I hope that one day I will get my happily ever after, but the odds of it happening are increasingly grim. Though I remain on the dating apps, I am far from active, and even the few people I do pay attention to or attempt to converse with, I have a hard time even attempting to give my heart to.  I guess I don’t really want to believe that he’s not coming back. Because from the first time we met, to the time we actually began dating, he pushed me away for about a year and I am nothing, if not patient.  I know that it’s ridiculous, and everyone says at this point I need to forget about him, but I can’t forget about the way I felt about him or the way I looked at him…I don’t know that I’ve ever felt that way…or if I ever will again.

I want my love story and after everything I’ve been through, I more than deserve it.
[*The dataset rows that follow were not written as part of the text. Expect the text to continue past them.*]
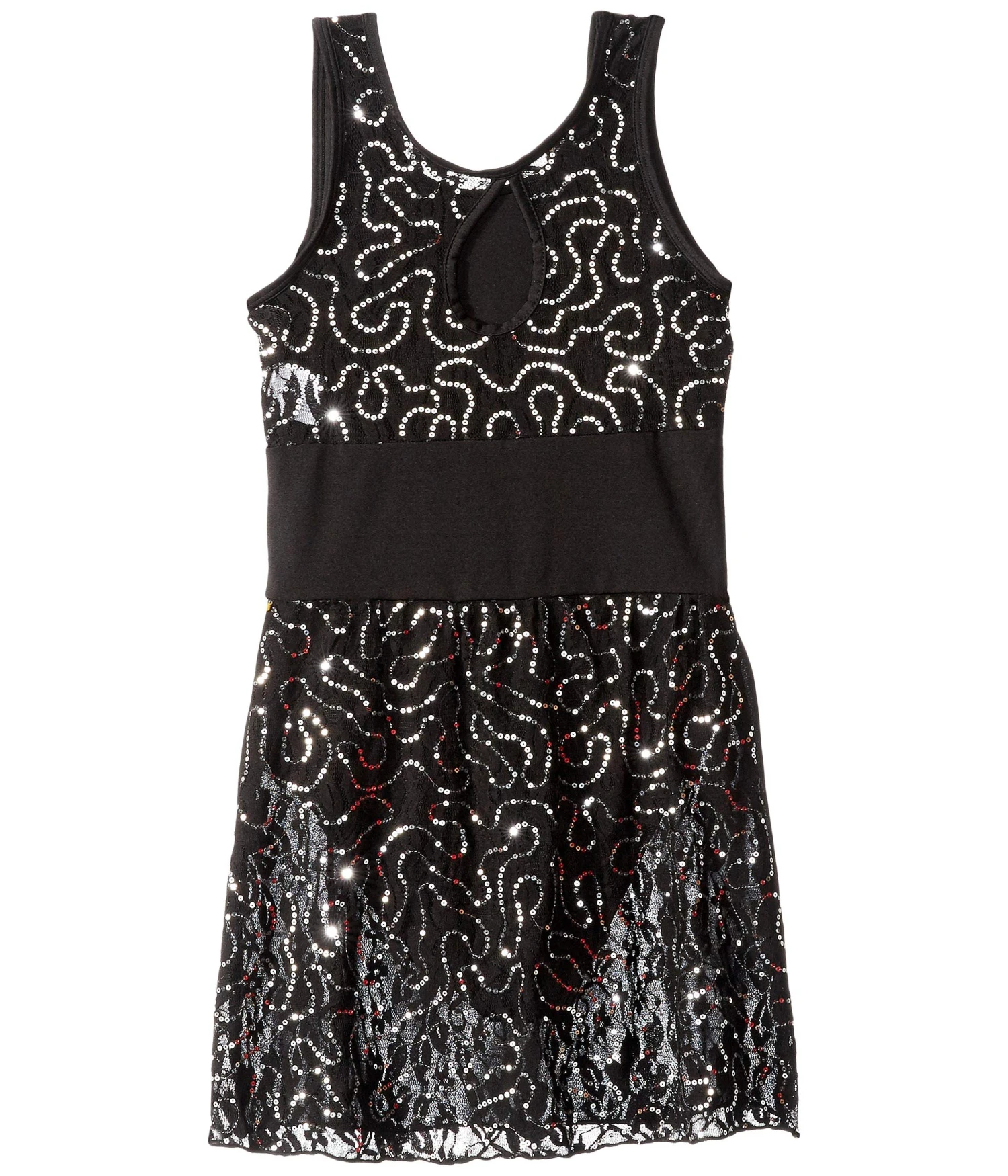 - She’ll dance divinely! Featuring a modern cut and eye-catching sequined back panel, this Sequin Lace Skirted Leotard elevates the feminine finish of every studio session.
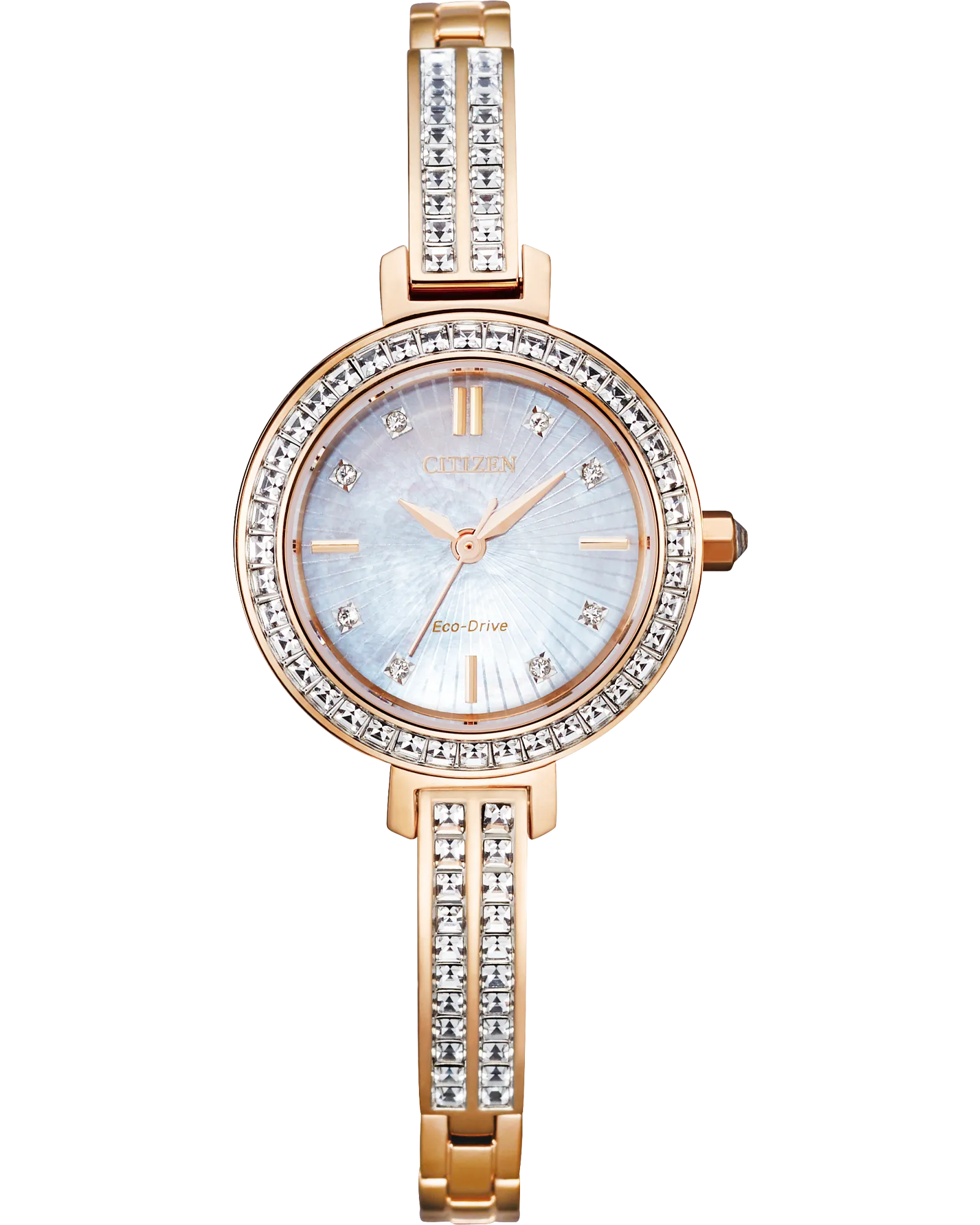 L'élégante Silhouette Crystal de CITIZEN® est une montre conçue pour la femme moderne. Son boîtier et son bracelet en acier inoxydable couleur or rose sont ornés de cristaux. Le cadran en nacre est également rehaussé d'élégants cristaux. Son design jonc lui permetÀ porter seul ou avec plusieurs bracelets pour créer des looks uniques en toute occasion. Éclairé par la technologie Eco-Drive, il est toujours prêt pour une soirée en ville.
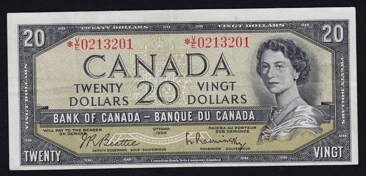 1954 Bank of Canada $20 Replacement - BC-41bA. Rarely seen *V/E prefix. Nice original VF. S/N: *V/E0213201.

My physical attractiveness isn’t what it used to be, so I have a hard time believing that it will ever come to pass. After writing my last blog about my first love and all the times he broke my heart, I feel sad that I didn’t get to marry my first true love the way my parents did, but I’m starting to learn that unfortunately, as much as I would like to have everything my parents did, my life is different and will always be different.

I’m still here though…and as long as I live, I have the reminder that true love does exist when looking at pictures of my parents and my family. I know that people can find love at any age and I have to remain hopeful that my happily ever after just hasn’t happened yet.